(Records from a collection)
·····
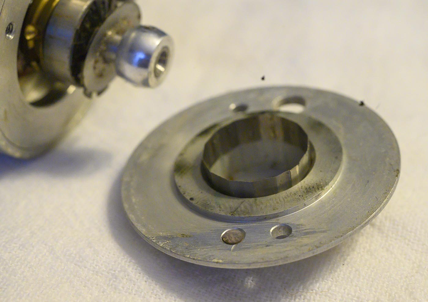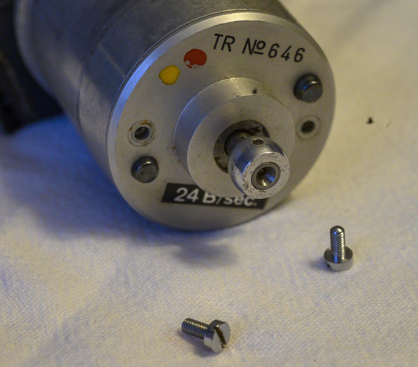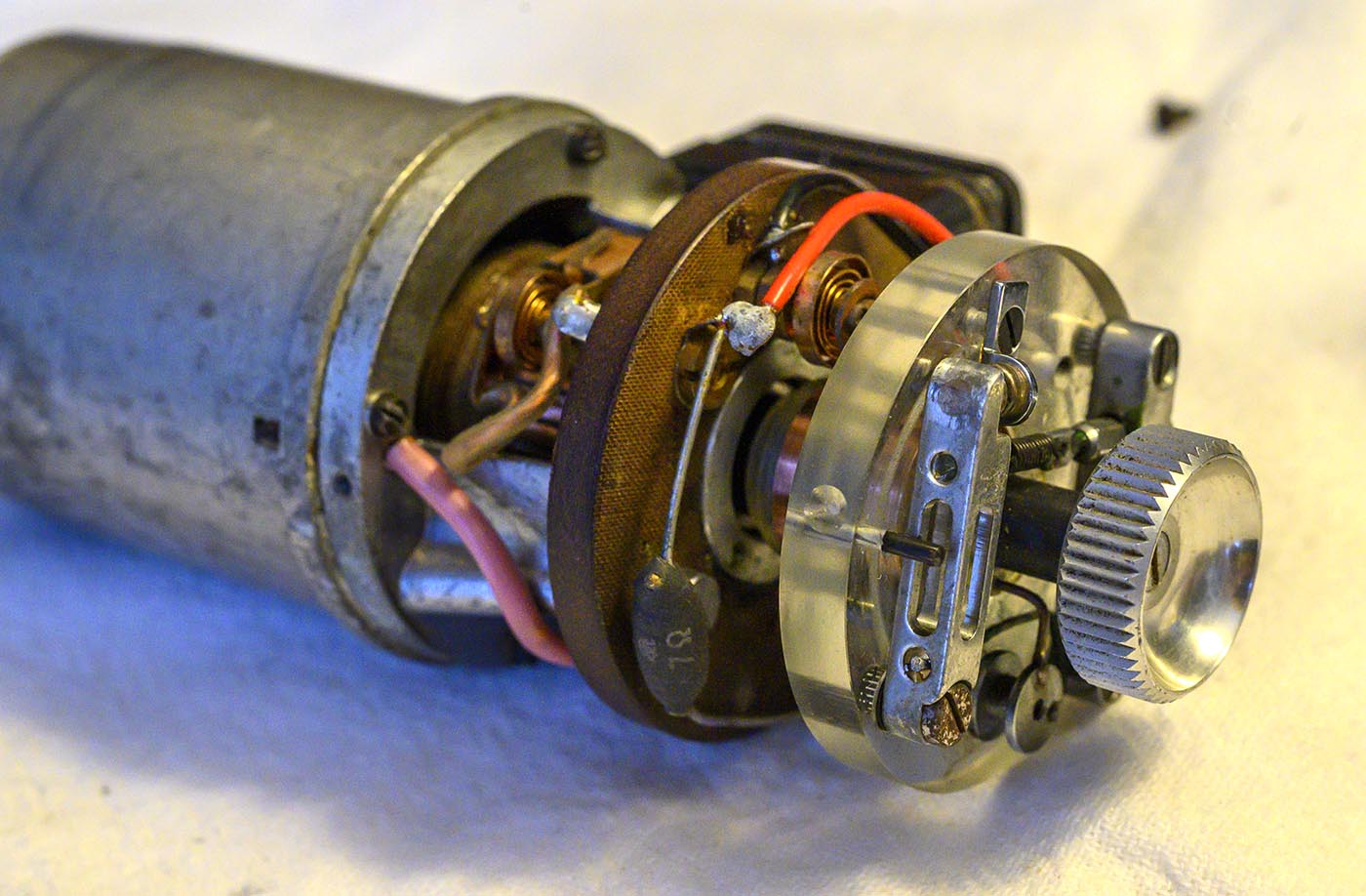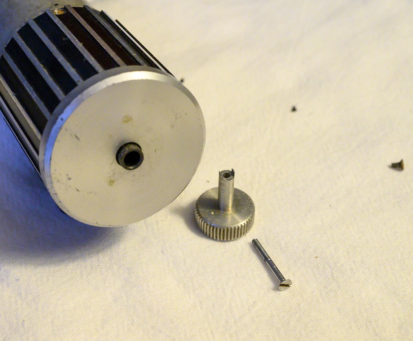 then extracted the bakelite plate off the end cap, which then would have gotten us a clearer shot at those 4 screws that hold the end cap on. Then pull the end cap off.
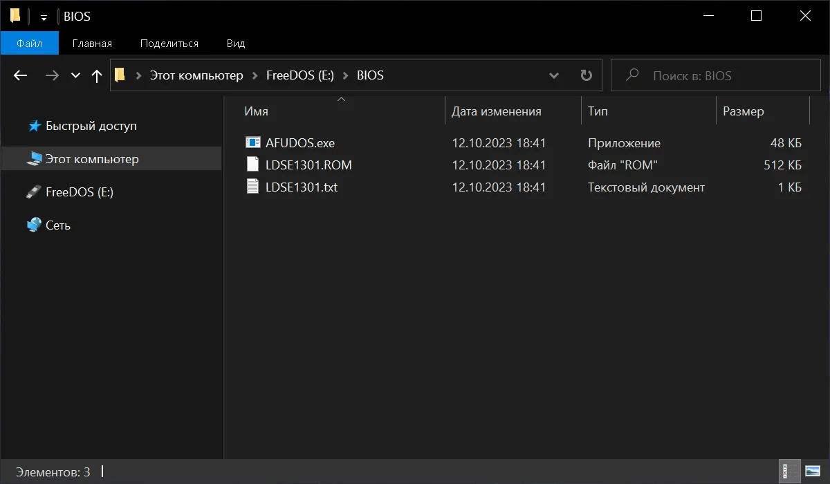 В папке BIOS на флешке лежит исполняемый файл утилиты AFUDOS.exe и прошивка BIOS с расширением ROM (в моем случае это файл LDSE1301.ROM, так как материнская плата ASUS P5LD2 SE)
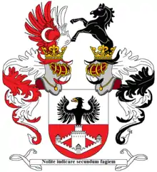 On 15 March 1916, Emperor Franz Joseph I. ennobled him with the title of Ritter[3] and allowed him to add a place name to his surname, which was then a standard procedure in Austria. As part of the process, Rappaport was invited by the authorities to propose a coat of arms and three place names from which one would be chosen. The three choices Rappaport submitted were Arward ("of Vardar"), Drineck ("of Drin"), and Arbengau (deriving from the Latin term Arbanum for the Albanian people and gau, a country subdivision used by Germanic-speaking peoples). As the first two were already in use by other noble families, the authorities chose Arbengau.
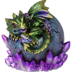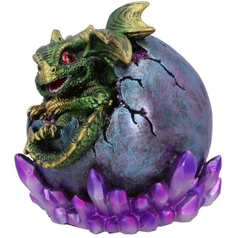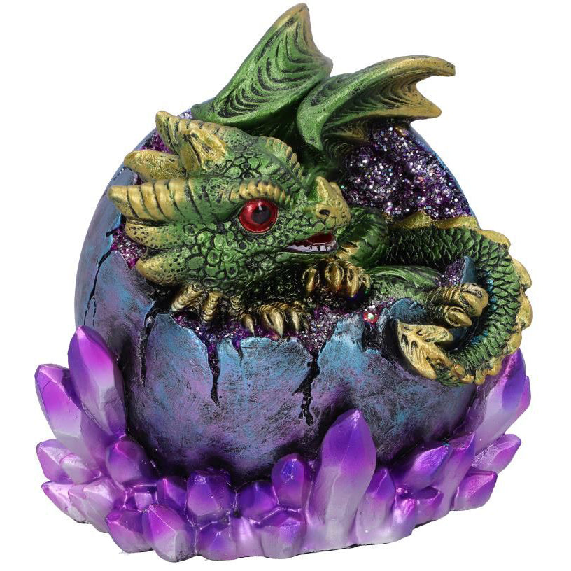 Watch as this wide-eyed creature emerges from its shell into this unfamiliar world. Featuring bright-green scales with golden accents on their claws, horns and wings, this enchantingly adorable dragon is looking into the world for the first time from its metallic purple home. Cast in the finest resin before being expertly hand-painted, this is the ideal gift for any lover of mythical beasts!
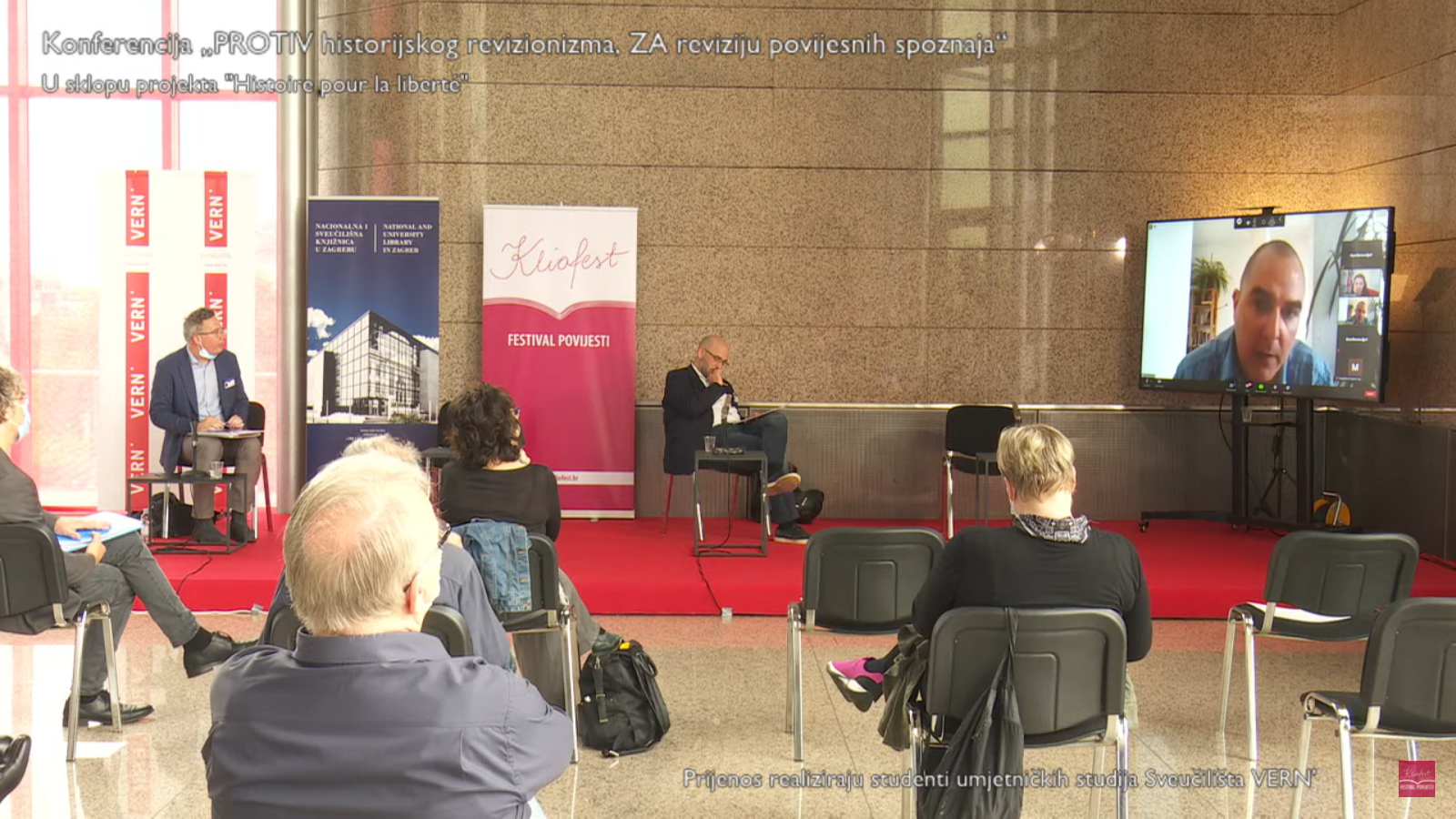 Im Rahmen des Kliofests, das bereits am Vortag begonnen hatte, fanden mehrere Einzelveranstaltungen zu ganz unterschiedlichen Themen statt. Unser Teil, der von 11:00 bis 14:00 Uhr dauerte, trug den Titel WIDER den historischen Revisionismus, FÜR die Revision historischer Erkenntnis (PROTIV historijskog revizionizma, ZA reviziju povijesnih spoznaja). Dieses Thema und die Teilveranstaltung waren wiederum Teil eines größeren Projekts mit dem Titel Histoire pour la liberté (Geschichte für die Freiheit), das sich mit dem weiteren Kontext des geschichtlichen Revisionismus in der Region befasst — aber auch darüber hinaus, wie etwa in Deutschland, Europa weit und global. Von der großen Aktualität und Relevanz des Themas in der Region zeugen die sich überschlagenden Nachrichten, Film- und Serienproduktionen in der Region, die zu großen öffentlichen Debatten und Verwerfungen führen. Wie Dubravka Stojanović aus Belgrad es in ihrem Beitrag pointiert hat, wird damit „die psychologische Möglichkeit neuer Probleme“ und schlimmstenfalls der Grund für erneute Konflikte geschaffen.
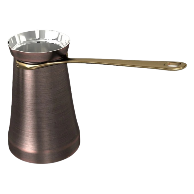 Джезва подходит для использования на газовых, электрических и стеклокерамических плитах. На индукционной плите медную турку использовать нельзя. Готовить кофе в медной джезве на индукционной плите можно только с использованием адаптера.
·····
Problem requirements ::
For each record above, write it out exactly and omit any picture.

Written answer ::
 then extracted the bakelite plate off the end cap, which then would have gotten us a clearer shot at those 4 screws that hold the end cap on. Then pull the end cap off.
 В папке BIOS на флешке лежит исполняемый файл утилиты AFUDOS.exe и прошивка BIOS с расширением ROM (в моем случае это файл LDSE1301.ROM, так как материнская плата ASUS P5LD2 SE)
 On 15 March 1916, Emperor Franz Joseph I. ennobled him with the title of Ritter[3] and allowed him to add a place name to his surname, which was then a standard procedure in Austria. As part of the process, Rappaport was invited by the authorities to propose a coat of arms and three place names from which one would be chosen. The three choices Rappaport submitted were Arward ("of Vardar"), Drineck ("of Drin"), and Arbengau (deriving from the Latin term Arbanum for the Albanian people and gau, a country subdivision used by Germanic-speaking peoples). As the first two were already in use by other noble families, the authorities chose Arbengau.
 Watch as this wide-eyed creature emerges from its shell into this unfamiliar world. Featuring bright-green scales with golden accents on their claws, horns and wings, this enchantingly adorable dragon is looking into the world for the first time from its metallic purple home. Cast in the finest resin before being expertly hand-painted, this is the ideal gift for any lover of mythical beasts!
 Im Rahmen des Kliofests, das bereits am Vortag begonnen hatte, fanden mehrere Einzelveranstaltungen zu ganz unterschiedlichen Themen statt. Unser Teil, der von 11:00 bis 14:00 Uhr dauerte, trug den Titel WIDER den historischen Revisionismus, FÜR die Revision historischer Erkenntnis (PROTIV historijskog revizionizma, ZA reviziju povijesnih spoznaja). Dieses Thema und die Teilveranstaltung waren wiederum Teil eines größeren Projekts mit dem Titel Histoire pour la liberté (Geschichte für die Freiheit), das sich mit dem weiteren Kontext des geschichtlichen Revisionismus in der Region befasst — aber auch darüber hinaus, wie etwa in Deutschland, Europa weit und global. Von der großen Aktualität und Relevanz des Themas in der Region zeugen die sich überschlagenden Nachrichten, Film- und Serienproduktionen in der Region, die zu großen öffentlichen Debatten und Verwerfungen führen. Wie Dubravka Stojanović aus Belgrad es in ihrem Beitrag pointiert hat, wird damit „die psychologische Möglichkeit neuer Probleme“ und schlimmstenfalls der Grund für erneute Konflikte geschaffen.
 Джезва подходит для использования на газовых, электрических и стеклокерамических плитах. На индукционной плите медную турку использовать нельзя. Готовить кофе в медной джезве на индукционной плите можно только с использованием адаптера.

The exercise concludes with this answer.